The problem is that developer’s idea of the expected output does not always match the reality and the point of this seemingly pointless test is to find such cases.

We do test compiler output. The problem is that we’re testing vs our expectations of the correct output, not the reality as defined by ptxas.

If/when ptxas catches a problem it indicates that there’s both a problem in LLVM and in the tests that either didn’t check for something, or incorrectly considered such produced output valid. Increased coverage is a nice bonus, but the primary purpose is to detect cases where our idea of ‘correct’ is wrong. It’s not a hypothetical problem. This mismatch between the expectations and the reality has happened on multiple occasions.

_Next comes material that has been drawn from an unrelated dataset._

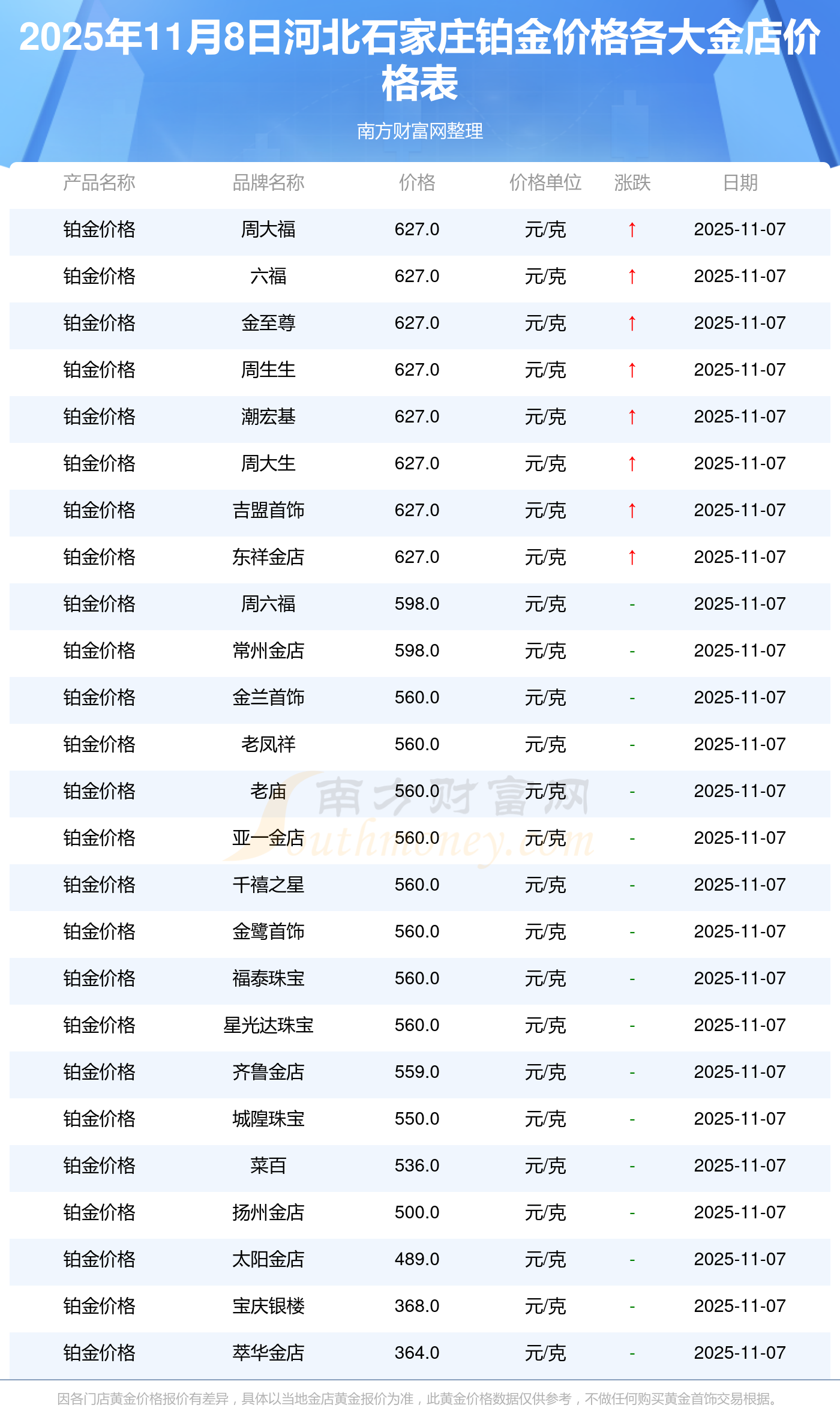 2025年11月8日河北石家莊寶泉錢幣、金蘭首飾、金蘭首飾、謝瑞麟、謝瑞麟、謝瑞麟、謝瑞麟、謝瑞麟、金銀街、金銀街、金銀街等各大金店品牌鉑金價(jià)格最新價(jià)格行情來(lái)了,如下:寶泉錢幣銀條價(jià)格11.4元/克,金蘭首飾黃金價(jià)格1263.0元/克,金蘭首飾鉑金價(jià)格560.0元/克,謝瑞麟金條價(jià)格(內(nèi)地)1202.0元/克,謝瑞麟金飾價(jià)格(內(nèi)地)1268.0元/克,謝瑞麟黃金飾品(香港)44260.0,謝瑞麟鉑金飾品(香港)13080.0,謝瑞麟金條金價(jià)(香港)39960.0,金銀街投資金條1243.0元/克,金銀街工藝金條1258.0元/克,金銀街千足金首飾1248.0元/克。

Off the top of my head, we ran into this problem fairly regularly:

  • on multiple occasions produced symbols with characters PTX does not accept
  • produced debug info in a way ptxas considered invalid (wrong label/section location)
  • ran into ptxas bugs when it could not parse DWARF generated by LLVM
  • generated instructions with types not accepted by ptxas
  • generated address labels in the wrong location.
  • produced assembly directives not accepted by ptxas.
  • generated invalid instruction variants.

Some of the problems were not checked for by regular tests.
Some were checked, but incompletely (nobody expected issues to pop up where they did)
Others were checked and were correct, as far as the developer was concerned, yet produced code was not useful in practice because ptxas disagreed, due to bugs or disagreement with the documentation used to implement new instructions.